HomeDuniaArogansi Jurnalis Asing di Indonesia

Arogansi Jurnalis Asing di Indonesia

Kecil Besar

Laporan New York Times mengenai orang Indonesia yang malas berjalan kaki gegerkan dunia maya. Tulisan tersebut dianggap tidak menangkap kondisi riil di lapangan. Sang jurnalis membela diri dari anggapan tersebut. Sayang, bantahannya tersebut terkesan bernada arogan. Mengapa jurnalis asing dapat demikian arogan?


PinterPolitik.com

[dropcap size=big]P[/dropcap]emberitaan The New York Times 20 Agustus 2017 menimbulkan polemik di dunia maya. Surat kabar terbitan Amerika Serikat tersebut memuat tulisan mengenai keengganan orang Indonesia untuk berjalan kaki dalam versi daringnya. Warganet Indonesia kemudian melancarkan kritik kepada koresponden yang menuturkan cerita tersebut.

Kecaman warganet Indonesia sebenarnya cukup beralasan. Tulisan tersebut seolah hanya menunjukkan stereotip dunia Barat terhadap bangsa Indonesia. Hal ini kemudian membuat tulisan tersebut abai terhadap masalah sebenarnya dari kondisi yang muncul di permukaan.

Alih-alih melakukan koreksi, sang jurnalis justru seolah bersikap arogan. Si empunya tulisan, Joe Cochrane justru sibuk melakukan pembelaan diri dan meladeni cuitan warganet dengan beragam alasan. Beberapa cuitan penulis berita tersebut bahkan terkesan merendahkan lawan bicaranya. Mengapa jurnalis asing dapat begitu arogan di Indonesia?

Bias Media Barat?

Laporan mengenai kebiasaan orang Indonesia yang malas jalan kaki tersebut seolah mempertegas adanya bias dalam pemberitaan media Barat. Media dan jurnalis asing seringkali memiliki persepsi terhadap negara dunia ketiga. Negara-negara yang ditangkap oleh lensa dan pena jurnalis asing tersebut kerap digambarkan memiliki kebiasaan buruk. Pemberitaan tentang Indonesia dan negara-negara dunia ketiga lain acap ditunjukkan dalam bentuk penderitaan, korupsi, manajemen yang kacau, dan korupsi. Indonesia juga kerap digambarkan negara dengan tradisi buruk dibandingkan negara Barat dengan budaya yang modern.

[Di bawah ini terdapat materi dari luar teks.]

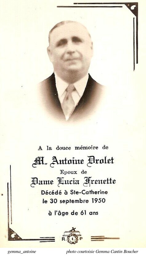 Antoine: né en 1889. Marié avec Lucia Frenette. Décédé le 30 septembre, 1950.

Dalam konteks pemberitaan New York Times teranyar, persepsi yang dimaksud adalah bangsa Indonesia adalah bangsa yang pemalas. Pemberitaan tersebut mencoba membingkai bagaimana keengganan orang Indonesia untuk berjalan kaki. Dalam tulisan tersebut disebutkan bahwa Jakarta menjadi gambaran bagaimana Indonesia merupakan negara yang menjadi neraka bagi pejalan kaki.

Baca juga :  Honey Trapping: Kala Rayuan Jadi Spionase

Selain memotret kemalasan bangsa Indonesia menggerakkan kaki, berita tersebut juga memotret pandangan ekspatriat terhadap kebiasaan buruk orang Indonesia. Orang Indonesia dinarasikan memiliki kebiasaan buruk untuk berlama-lama menunggu elevator ketimbang berjalan menggunakan tangga. Selain itu, laporan tersebut juga menggambarkan orang Indonesia adalah mereka yang berdiri mematung di bandara sehingga menghalangi jalan orang asing. Laporan tersebut juga membandingkan kebiasaan orang Barat yang membagi jalur di eskalator bagi orang yang berdiri dan berjalan dengan orang Indonesia yang tidak mengenal konsep tersebut.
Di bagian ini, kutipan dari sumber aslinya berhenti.